Ah. She wasn’t really jonesing for pulled pork; it was a ploy to use a young cabbage that had arrived in our CSA box. Still, I didn’t disagree. I never disagree with a request for pulled pork. But it was opening weekend for my new musical—which came directly on the heels of production week for my othernew musical—so we didn’t make the time to make the pork. I’d do it early on a weekday, and give it all day to sit in the slow cooker.

Except, well, there wasn’t all that pork shoulder in the freezer. Or any pork shoulder. There was a package of ground pork; there were several packages of ground beef, and some steaks; there were chicken breasts—she’s been doing most of the grocery shopping lately, and has been stocking up when things are on sale. That’s why I also found 10 pounds of butter, and quite a bit of ice cream. I’m not complaining about any of this; I’m just reporting what I found. Six quarts of really good stock, and bags of bones, shrimp shells, and vegetable clippings from which we’ll make more one day. And, although there was a package of bacon, too, nothing in the freezer was pork shoulder.

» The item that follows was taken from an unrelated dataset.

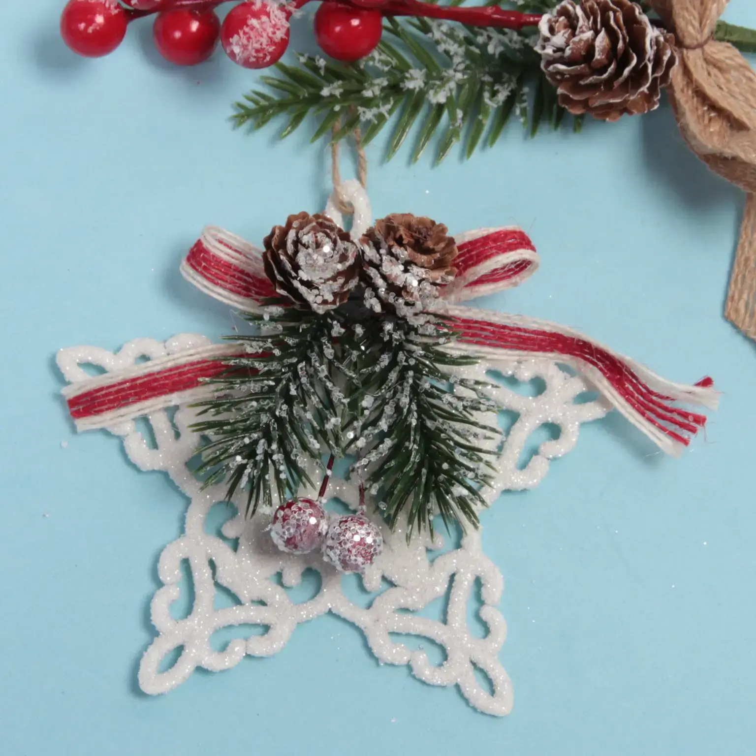 Создайте атмосферу волшебства и уюта в вашем доме с помощью этой изысканной подвески. Она станет ярким акцентом на вашей елке, добавляя нотки элегантности и стиля. Белый цвет и резные узоры делают это украшение универсальным для любого интерьера, а декоративные элементы, такие как шишки и красные ягодки, придают ему особый шарм.

I also took from the freezer an unfortunately unmarked container of something red. I don’t know if its label fell off or it had never been labeled, but after it thawed overnight in the fridge and I tasted it, I still wasn’t quite sure if it was tomato soup or tomato sauce. (If the former, it had been made without cream; if the latter, without meat.) It was going to be the basis for dinner, but I wasn’t sure whether to make grilled cheese sandwiches or pasta.

Then the CSA delivery came, bearing purple carrots, green peppers, red onions, and some tender young eggplants. I chopped a big pile of each and sweated them in a big skillet, and set a pot of water to boil.  When the vegetables were softened, I poured in the tomato-something and let it simmer gently. There was some leftover sausage in the fridge, so I chopped and added it, along with a hunk of parmesan rind. If the red stuff had once been tomato soup, it would be soup no longer.

Dinner was wonderful. We haven’t had a bowl of pasta-with-sauce in quite a while. It felt like a treat.

Planning is good. Preparing is good. Stocking-up is great. Organizing the freezer once in a while is essential. Proper labeling is a fine and glorious thing. And figuring out what to do with a mysterious package—well, it might be better if there weren’t such mysteries, but the figuring-out was fun.

It’s Thursday, so the grocery store fliers will be in today’s mail. I’ve got a bunch of cole slaw, so I hope somebody’s running a special on pork shoulder.